I know that sounds bad, but I never cared what that coach had to say. I just wasn’t going to run hard. You know why? Because I hated it!
This topic came to mind when my colleague Tom Curran -- CSN Patriot Insider -- brought up the topic of specific players like Chris Hogan and Nate Solder and their underrated athletic abilities. You can hear Tom’s thoughts on the matter on the Quick Slants Podcast.
In August, the Tanguay clan headed south with a group of friends to the Outer Banks of North Carolina. Awesome trip. I highly recommend it. We had a great time: the beach, water, the sun and the FOOD was fantastic. We had some great cooks in the bunch. We also had some amateur photographers and when I saw my beach bod, well, I was extremely disturbed. I looked like a pasty vanilla zit with an expired popping date. Something had to be done.
So I immediately went on a diet.
NOOOOOO! I had some more crab dip.
When I got home, I hit the diet and started working out again. I have gone from 213 pounds to 198; it’s not hard when you cut out carbs, actually exercise and stop eating crab dip crepes.
So why do I feel like crap?
Because at the lowest level I have become an athlete. What was I thinking?
Swimming is the best workout in the world. We’ve all heard it but no one does it because it is boring. However, the lovely Randi Tanguay came up with a solution and bought me a waterproof iPod. Doing laps to Bryan Adam’s Summer of 69 and Cuts Like a Knife made me feel like Michael Phelps… until I got out of the pool. That’s when I went all Lochte and lied about being held at gunpoint at the juice bar.
Swimmer’s ear. In both ears. I shot the movie Chappaquiddick the other day with Jason Clarke, who played Ted Kennedy. Outstanding actor and a better dude. Director John Curran has a hit on his hands, but I digress. Of course, I had my usual role as a newscaster. Just once I would like to play, ohhh I don’t know, a strung-out meth addict. I couldn’t hear out of my left ear all day and damn thing was throbbing like you read about. I had more Aleve in me than a CVS.
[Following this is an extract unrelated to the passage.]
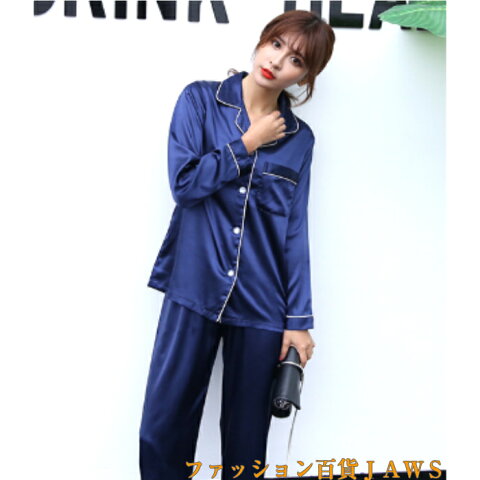 ファッション百貨JAWSTEL 0855-25-7007Mail jaws1@shop.rakuten.co.jpパジャマ ルームウェア レディース サテン シルクタッチ 上下セット 2点セット セットアップ ネグリジェ かわいい ナイトウェア 寝巻き 部屋着 前開き 長袖 半袖 ロング ショート パンツ 旅行 入院 快適 人気 セクシー プレゼント 大人 女性 セレブ 高級 無地 選べる カラー 全国送料無料 5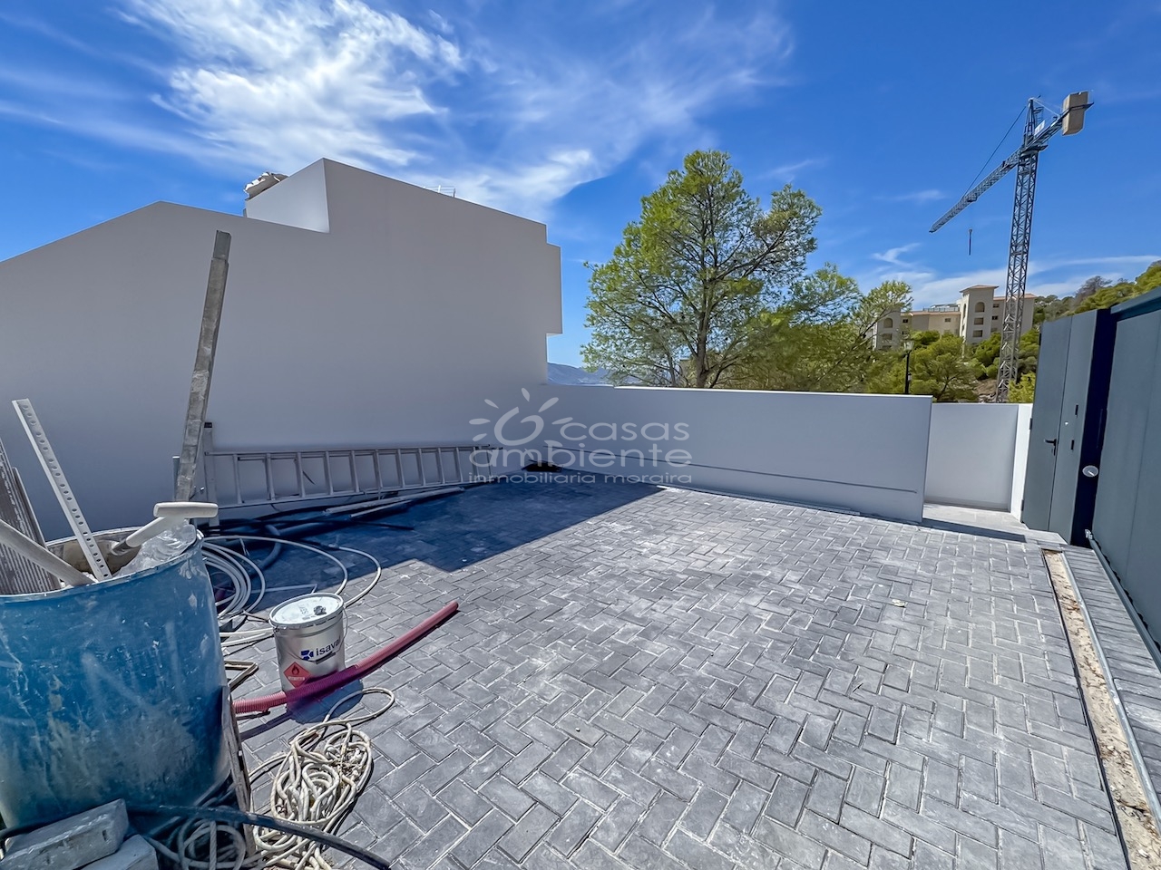Cette villa contemporaine luxueuse, presque achevée, est située dans le prestigieux quartier résidentiel d'Altea Hills, réputé pour ses vues imprenables sur la mer et son environnement paisible. Construite sur un terrain de 979 m², avec une surface totale de 412,6 m² plus 200 m² de terrasses, cette superbe propriété s'étend sur trois niveaux et allie à la perfection design moderne, confort et style méditerranéen. La villa a été conçue pour maximiser la lumière naturelle et l'espace, avec de grandes baies vitrées qui offrent une vue panoramique sur la mer depuis chaque pièce. Le salon, la salle à manger et la cuisine ouverts offrent un accès direct à de spacieuses terrasses et à la spectaculaire piscine à débordement. La cuisine est entièrement équipée avec des appareils électroménagers de haute qualité, et une buanderie offre un confort supplémentaire. Il y a quatre chambres doubles, toutes avec salle de bains privative, armoires encastrées et accès à des terrasses privées, ainsi qu'un vestiaire pour les invités. La propriété comprend le chauffage au sol, la climatisation réversible et un ascenseur interne reliant tous les niveaux.

The Rack is device (link to photo here) I allowed myself to be suckered into buying at 3 a.m. As you can see, it is a walker type device made of metal that offers a number of isometric exercises, but there is a problem. When I grip The Rack, the palm of my left hand houses a puddle of sweat and my skin becomes chafed -- I mean, extremely chafed. I’m talking ripped up. This also happens when I try a spinning class.
Then there the elliptical. I hate running and this is closest I am going to get to it. I put on a Ray Donovan or Survivor’s Remorse and I am off… until I’m not. My hamstrings tighten and my backs locks up cell at Walpole.
Because of my hamstring/back issues I have been told to stretch on a foam roller. Is there a bigger ripoff than this thing? It cost like $30 and no doubt was made in a foreign country at a cost of 59 cents.
So, I sit on the roller and roll out my tight hams, glutes and back. It works; it really does, except now I have a rash on my left butt cheek that is literally a pain my ass. At home I sit on a pillow. I am about to order a cushioned toilet seat or maybe an inflatable one.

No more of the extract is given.